The Electronic Privacy Information Center or EPIC is among a handful of organizations trying to reveal the massive surveillance of the National Security Agency. We talk about a few of EPIC’s most important cases being litigated that you may not have heard about. EPIC had filed a massive FOIA request on behalf of Wikileaks to the Criminal and National Security Divisions of the Department of Justice, and to the FBI asking for multiple records including any individuals targeted for surveillance for support for or interest in WikiLeaks. We talk about that and their lawsuit involving the NSA not being subject to FOIA requests plus a victory involving the Department of Homeland Security’s ability to deactivate wireless communications networks in a crisis.

Attorney Marc Rotenburg:

  • The FOIA requests we made five years ago for the NSA Cybersecurity Authority was a request that we sent to the NSA, litigated in the district court and on appeal in the DC Circuit last Friday just a few days before the government’s brief was due, they contacted us and said they were disclosing to us the document we had been trying to obtain.
  • This is National Security Presidential Directive 54 and that outlines all the cyber security authorities for the federal agencies.
  • The scope of our work is very much driven by our mission. Our mission is to focus public attention on emerging privacy and civil liberties issues.
  • The FBI wants to put together the next generation identification system which will be the largest biometric database in the world and we think the implications for privacy and freedom are just staggering.
  • Google also retains everybody’s search histories.
  • We also do a lot of open government litigation so people can learn about these issues and we do a lot of amicus briefs.
  • In our organization there’s actually deep division about Wikileaks. Some people think Julian Assange is a hero and some people would like to see him arrested.
  • What was interesting to us about the Wikileaks case – we did see a persons of expressions of support for Wikileaks as core First Amendment speech.
  • We became very interested through the FOIA with how the federal government was apparently intervening with private companies, bank payment companies, cloud service providers and others to try to chill the ability of Wikileaks supporters to contribute to the organization, to get access to hosted documents.
  • We simply believe it was wrong for the government to simply discourage people their support or even their opposition.
  • With the FOIA, one of the things you’re trying to do is get information out to the public and hope that others find that its useful.
  • We think its a fundamental obligation for any internet company that collects personal data to stand up to the government when there are court orders.
  • Our other case in the DC Circuit – this concerns a technique used in San Francisco basically to shut down cell phone service among people who had gathered at a protest to object to the police conduct that I think resulted in the death of a person on the BART system.
  • Pursuant to a secret policy known as Standard Operating Protocol 303, somehow the Department of Homeland Security got the local telephone service to shut down cell phone service in the region and people couldn’t communicate and the protest was effectively stopped.

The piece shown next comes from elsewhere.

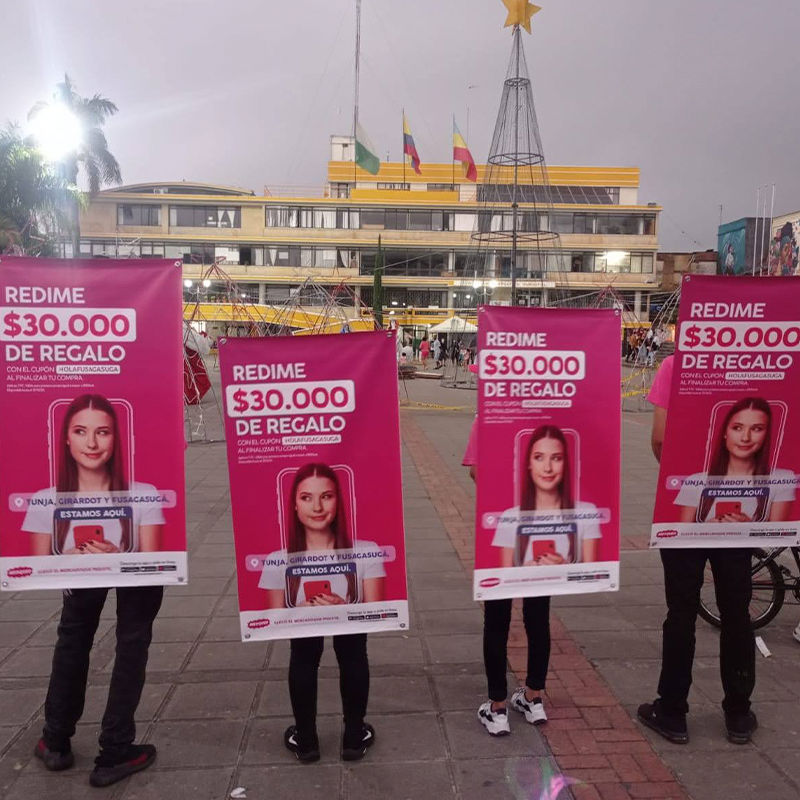 Activación de marca con volanteo en calle, inaguraciones, toma de datos, personal logístico, promotores.

  • Our FOIA request was for the policy which we think has to be made public. You can’t have a secret procedure that so deeply implicates First Amendment freedoms.

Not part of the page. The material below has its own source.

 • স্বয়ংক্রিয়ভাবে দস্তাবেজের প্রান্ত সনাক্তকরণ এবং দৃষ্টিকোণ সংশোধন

  • We went laser focused after that one document and the DHS was throwing up all these law enforcement exemptions, 7E and 7F involving techniques and methods saying this was vitally important to protect public safety which was an interesting argument too.

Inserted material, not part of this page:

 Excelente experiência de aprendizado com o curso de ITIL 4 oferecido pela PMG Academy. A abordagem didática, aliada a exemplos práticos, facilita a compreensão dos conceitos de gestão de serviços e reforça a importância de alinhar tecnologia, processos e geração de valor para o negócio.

  • Submit FOIA requests – if a government agency has a reason to withhold a record, the burden is on the agency to justify the reason for the withholding.

Guest – Attorney Marc Rotenburg, Executive Director of the Electronic Privacy Information Center (EPIC) in Washington, DC. He teaches information privacy law at Georgetown University Law Center and has testified before Congress on many issues, including access to information, encryption policy, consumer protection, computer security, and communications privacy. He testified before the 9-11 Commission on “Security and Liberty: Protecting Privacy, Preventing Terrorism.” He has served on several national and international advisory panels, including the expert panels on Cryptography Policy and Computer Security for the OECD, the Legal Experts on Cyberspace Law for UNESCO, and the Countering Spam program of the ITU.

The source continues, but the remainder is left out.